Returning to Writing: A Manifesto

For the last couple years, I’ve been having an extended period of unproductivity in my fiction writing. I’ve managed a few short stories, but they’ve been very sporadic, and work on my books has ground to a screeching halt. This is due to some personal issues that are not really appropriate for discussion on a public blog, but the point is not much is getting done.

When I stopped writing, I was a little less than halfway through a new series, which I consider to be my life’s work, having been developing it for the last twenty years. I’m tentatively calling it The Soulcleaver Saga, and it’s set in the universe of The Wounding and Lady of the Dawn, both of which tie into the books.

The issues in my life that derailed my work on it have not abated — if anything they’ve worsened — but I think the time has come to stop making excuses and get back to work regardless. Therefore, I am developing a new schedule to that end.

For the record, I’m not posting this to boast or show off that I’m “hashtag am writing” or whatever. I’ve been at this long enough to know most of my blog readers aren’t interested in my fiction (no judgment; you’re not obligated to). I’m posting this because if I put all this out in a public form, I’ll lose face if I don’t follow through. I’m deliberating shaming myself into working.

My plan is thus:

  • I will do seven hours of writing work per week. In theory, one hour per day, but with the flexibility to maybe skip one day and catch up later or something. This idea shamelessly stolen from Ashley at Robo♥beat.
  • “Writing work” is defined as actually writing, revising, proofreading, or doing major plotting or world-building (IE coming up with new stuff, not just writing down things I’ve already defined in my mind).
  • During this hour, I will not use the Internet except for research or Internet radio. No distractions.
  • I may skip days due to illness or other extreme/unusual circumstances, but I will try to keep such instances to a minimum.
  • I will prioritize fiction over working on my blog. I don’t think there will be much conflict or that my posting schedule will be much affected, but I’ll mention it just in case.

My goals are:

  • To rewrite the first two Soulcleaver books with more depth and detail, among other changes.
  • To complete the remaining three Soulcleaver books.
  • To rewrite and republish Rage of the Old Gods. It was the first book I wrote, and I believe I can now do better in some ways, especially regarding the beginning, which I’ve never been happy with. I may also revisit the later books in the series, but right now I’m pretty content with them, and I’m not sure they need to change.
  • To write any good short story concepts that occur to me along the way, especially if they are part of the Soulcleaver universe.

I do not promise to complete those goals in that order, or any order. Only that they will eventually all get done. Once they are completed, I will give myself permission to resume giving up, if desired.

Because I like to procrastinate, this new schedule will begin on the first Monday after this post is published.

I have several reasons for doing this, but one utterly outclasses all others: My father. While it is likely he will be around for many years to come, and I certainly hope he will be, the fact is he’s not going to live forever, and I don’t think I could live with myself if he didn’t see the completion of my life’s work. I want to get it done while there’s still time.
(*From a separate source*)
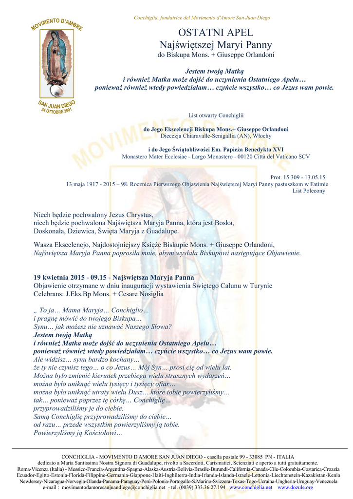 Conchiglia, fondatrice del Movimento d'Amore San Juan Diego OSTATNI APEL Najświętszej Maryi Panny do Biskupa Mons. + Giuseppe Orlandoni Jestem twoją Matką i również Matka może dojść do uczynienia Ostatniego Apelu… ponieważ również wtedy powiedziałam… czyńcie wszystko… co Jezus wam powie. List otwarty Conchiglii do Jego Ekscelencji Biskupa Mons.+ Giuseppe Orlandoni Diecezja Chiaravalle-Senigallia (AN), Włochy i do Jego Świątobliwości Em. Papieża Benedykta XVI Monastero Mater Ecclesiae - Largo Monastero - 00120 Città del Vaticano SCV Prot. 15.309 - 13.05.15 13 maja 1917 - 2015 – 98. Rocznica Pierwszego Objawienia Najświętszej Maryi Panny pastuszkom w Fatimie List Polecony Niech będzie pochwalony Jezus Chrystus, niech będzie pochwalona Najświętsza Maryja Panna, która jest Boska, Doskonała, Dziewica, Święta Maryja z Guadalupe. Wasza Ekscelencjo, Najdostojniejszy Księże Biskupie Mons. + Giuseppe Orlandoni, Najświętsza Maryja Panna poprosiła mnie, abym wysłała Biskupowi następujące Objawienie. 19 kwietnia 2015 - 09.15 - Najświętsza Maryja Panna Objawienie otrzymane w dniu inauguracji wystawienia Świętego Całunu w Turynie Celebrans: J.Eks.Bp Mons. + Cesare Nosiglia „ To ja… Mama Maryja… Conchiglio… i pragnę mówić do twojego Biskupa… Synu… jak możesz nie uznawać Naszego Słowa? Jestem twoją Matką i również Matka może dojść do uczynienia Ostatniego Apelu… ponieważ również wtedy powiedziałam… czyńcie wszystko… co Jezus wam powie. Ale widzisz… synu bardzo kochany… że ty nie czynisz tego… o co Jezus… Mój Syn… prosi cię od wielu lat. Można było zmienić kierunek przebiegu wielu strasznych wydarzeń… można było uniknąć wielu tysięcy i tysięcy ofiar… można było uniknąć utraty wielu Dusz… które tobie powierzyliśmy… tak… ponieważ poprzez tę córkę… Conchiglię… przyprowadziliśmy je do ciebie. Samą Conchiglię przyprowadziliśmy do ciebie… od razu… przede wszystkim powierzyliśmy ją tobie. Powierzyliśmy ją Kościołowi… CONCHIGLIA - MOVIMENTO D'AMORE SAN JUAN DIEGO - casella postale 99 - 33085 PN - ITALIA dedicato a Maria Santissima Nostra Signora di Guadalupe, rivolto a Sacerdoti, Carismatici, Scienziati e aperto a tutti gratuitamente. Roma-Vicenza (Italia) - Messico-Francia-Argentina-Spagna-Alaska-Austria-Bolivia-Brasile-Burundi-California-Canada-Cile-Colombia-Costarica-Croazia Ecuador-Egitto-Estonia-Florida-Filippine-Germania-Giappone-Haiti-Inghilterra-India-Irlanda-Islanda-Israele-Lettonia-Liechtenstein-Kazakistan-Kenia NewJersey-Nicaragua-Norvegia-Olanda-Panama-Paraguay-Perù-Polonia-Portogallo-S.Marino-Svizzera-Texas-Togo-Ucraina-Ungheria-Uruguay-Venezuela e-mail : [email protected] - tel. (0039) 333.36.27.194 www.conchiglia.net www.dozule.org który… macierzyński… powinien był przynajmniej wysłuchać jej. Natomiast nie tylko nie wysłuchaliście jej… ale znieważyliście ją… wzgardziliście nią… oszkalowaliście ją i oczerniliście ją. Streszczając… rzeczywiście zabiliście ją… a później zignorowaliście ją… ponieważ zabiliście Słowo… które wam dawała i nadal wam daje… Słowo Trójcy Przenajświętszej. Czy ja… Maryja… w szatach Naszej Pani z Guadalupe muszę przypominać Kościołowi… że z Woli Ojca Jestem wybrana… aby zmiażdżyć szatana? Czy muszę przypominać Kościołowi… że za Moim pośrednictwem dociera się do Mojego Syna Jezusa oraz wygrywa się wiele walk i wojen? Cóż… to jest Ostateczna Walka! Z tego powodu ruch Movimento d'Amore San Juan Diego… który reprezentuje Mój Płaszcz… ochroni tych… którzy uwierzyli we Mnie i Jezusa… Mojego Syna… który jest Bogiem… i który Żyje i Króluje Teraz oraz który Żyje i Króluje w sercu dzieci Bożych.” _____________________ wyjęte z: OBJAWIENIA danego Conchiglii Bentornato Mio Signore « Il Grande Libro della Vita » Witaj, Mój Panie « Wielka Księga Żywota » Nowy Testament Trzeciego Tysiąclecia Część Pierwsza © Copyright - LA RIVELAZIONE - Conchiglia della Santissima Trinità BENTORNATO MIO SIGNORE - Il Grande Libro della Vita 2 CONCHIGLIA - MOVIMENTO D'AMORE SAN JUAN DIEGO - casella postale 99 - 33085 PN - ITALIA dedicato a Maria Santissima Nostra Signora di Guadalupe, rivolto a Sacerdoti, Carismatici, Scienziati e aperto a tutti gratuitamente. Roma-Vicenza (Italia) - Messico-Francia-Argentina-Spagna-Alaska-Austria-Bolivia-Brasile-Burundi-California-Canada-Cile-Colombia-Costarica-Croazia Ecuador-Egitto-Estonia-Florida-Filippine-Germania-Giappone-Haiti-Inghilterra-India-Irlanda-Islanda-Israele-Lettonia-Liechtenstein-Kazakistan-Kenia NewJersey-Nicaragua-Norvegia-Olanda-Panama-Paraguay-Perù-Polonia-Portogallo-S.Marino-Svizzera-Texas-Togo-Ucraina-Ungheria-Uruguay-Venezuela e-mail : [email protected] - tel. (0039) 333.36.27.194 www.conchiglia.net www.dozule.org Wasza Ekscelencjo, Najdostojniejszy Księże Biskupie Mons. + Giuseppe Orlandoni, modlę się za Biskupa i pozostaję w pełnym szacunku posłuszeństwie Kościołowi, Jednemu, Świętemu, Katolickiemu, Apostolskiemu i Rzymskiemu tylko zgodnie z nauczaniem Jezusa, Syna Bożego, który sam jest Bogiem, w Świętej Ewangelii Niech Bóg Biskupa błogosławi i Boska Maryja, Nasza Pani z Guadalupe, Doskonała, niech ochrania Biskupa oraz niech ochrania cały świat w Imię Ojca Matki Syna i Ducha Świętego. Amen. Conchiglia della Santissima Trinità 3 CONCHIGLIA - MOVIMENTO D'AMORE SAN JUAN DIEGO - casella postale 99 - 33085 PN - ITALIA dedicato a Maria Santissima Nostra Signora di Guadalupe, rivolto a Sacerdoti, Carismatici, Scienziati e aperto a tutti gratuitamente. Roma-Vicenza (Italia) - Messico-Francia-Argentina-Spagna-Alaska-Austria-Bolivia-Brasile-Burundi-California-Canada-Cile-Colombia-Costarica-Croazia Ecuador-Egitto-Estonia-Florida-Filippine-Germania-Giappone-Haiti-Inghilterra-India-Irlanda-Islanda-Israele-Lettonia-Liechtenstein-Kazakistan-Kenia NewJersey-Nicaragua-

My writing was never meant to be about me anyway. I lost sight of that over the years. True creativity must be unselfish, I think.

For the two of you who are still reading this, I leave you with one of the main characters of the Soulcleaver series, as recreated in Black Desert Online.

Seesha Avallen, Elven RunnerI’m coming home, Seesha.

5 thoughts on “Returning to Writing: A Manifesto

  1. Write yourself into your characters and your world. That’s the self-ish part. Your readers may never know it, but you will.

    • You have to be careful with that. Go too far, and you’ll lose perspective. The story falls apart.

      I had that happen with one character. He had too much of myself in him, and I couldn’t make good decisions about him anymore. Had to kill him off.

      • Absolutely. I guess I meant writing bits of yourself into it. I usually imbue characters with personal sentiments, opinions, emotions, and so forth. I’d never go so far as to put myself in something I’ve written, however. I write to escape myself.

  2. Are there any apps that you would recommend to help you keep on track with this stuff? I’ve been trying to get my girlfriend to get back into writing after having our baby, but it’s been hard for her.

    • I’m totally the wrong person to ask, I’m afraid. I organize almost everything in my mind, or, at best, some highly chaotic notes written in a shorthand that would appear to be utter gibberish to anyone else.

      I’m sure such apps exist, but I know nothing of them.